● **Source data**
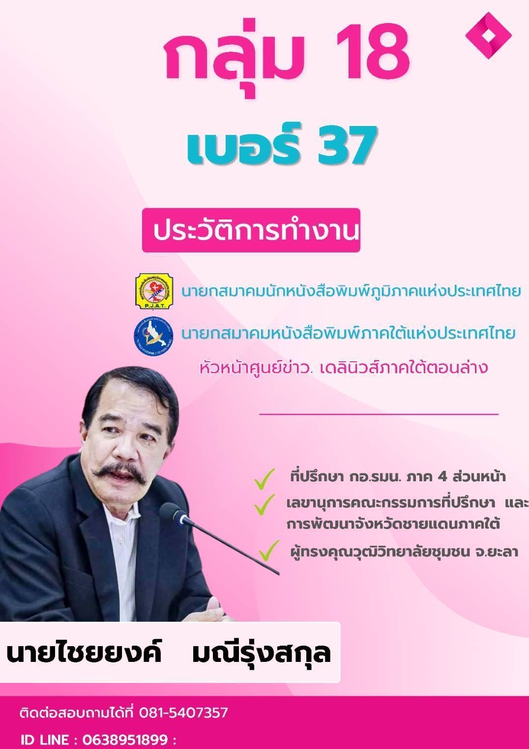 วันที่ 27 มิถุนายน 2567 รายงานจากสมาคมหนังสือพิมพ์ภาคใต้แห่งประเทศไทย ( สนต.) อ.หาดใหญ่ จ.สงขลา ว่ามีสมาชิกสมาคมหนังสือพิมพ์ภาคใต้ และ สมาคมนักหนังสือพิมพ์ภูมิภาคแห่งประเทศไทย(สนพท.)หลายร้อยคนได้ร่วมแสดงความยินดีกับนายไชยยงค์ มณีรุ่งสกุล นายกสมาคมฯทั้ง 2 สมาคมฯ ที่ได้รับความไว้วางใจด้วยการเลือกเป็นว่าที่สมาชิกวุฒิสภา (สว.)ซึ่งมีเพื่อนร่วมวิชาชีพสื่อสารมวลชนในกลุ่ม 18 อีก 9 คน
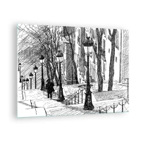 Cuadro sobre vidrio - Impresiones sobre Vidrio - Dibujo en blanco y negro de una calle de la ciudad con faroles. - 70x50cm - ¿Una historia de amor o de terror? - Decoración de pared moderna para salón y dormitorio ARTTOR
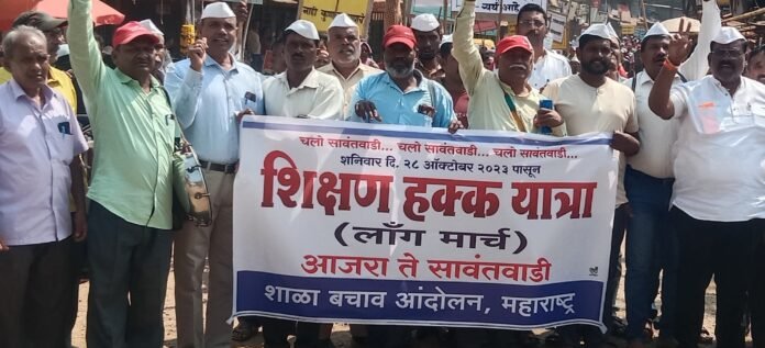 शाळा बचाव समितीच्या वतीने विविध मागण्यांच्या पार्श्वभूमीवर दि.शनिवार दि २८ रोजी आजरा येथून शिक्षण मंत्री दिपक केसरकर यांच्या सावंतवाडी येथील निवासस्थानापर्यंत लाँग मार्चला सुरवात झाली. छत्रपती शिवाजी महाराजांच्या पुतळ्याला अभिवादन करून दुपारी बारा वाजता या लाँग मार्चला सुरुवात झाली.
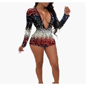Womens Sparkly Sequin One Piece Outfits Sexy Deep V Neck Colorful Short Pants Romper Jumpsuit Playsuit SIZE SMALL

● **Aim of the exercise**
In the copy, only the lines from the one holding "Cuadro sobre vidrio" through the end of the listing above should appear, retyped exactly, both ends included, with no pictures.

● **Answer area**
 Cuadro sobre vidrio - Impresiones sobre Vidrio - Dibujo en blanco y negro de una calle de la ciudad con faroles. - 70x50cm - ¿Una historia de amor o de terror? - Decoración de pared moderna para salón y dormitorio ARTTOR
 शाळा बचाव समितीच्या वतीने विविध मागण्यांच्या पार्श्वभूमीवर दि.शनिवार दि २८ रोजी आजरा येथून शिक्षण मंत्री दिपक केसरकर यांच्या सावंतवाडी येथील निवासस्थानापर्यंत लाँग मार्चला सुरवात झाली. छत्रपती शिवाजी महाराजांच्या पुतळ्याला अभिवादन करून दुपारी बारा वाजता या लाँग मार्चला सुरुवात झाली.
Womens Sparkly Sequin One Piece Outfits Sexy Deep V Neck Colorful Short Pants Romper Jumpsuit Playsuit SIZE SMALL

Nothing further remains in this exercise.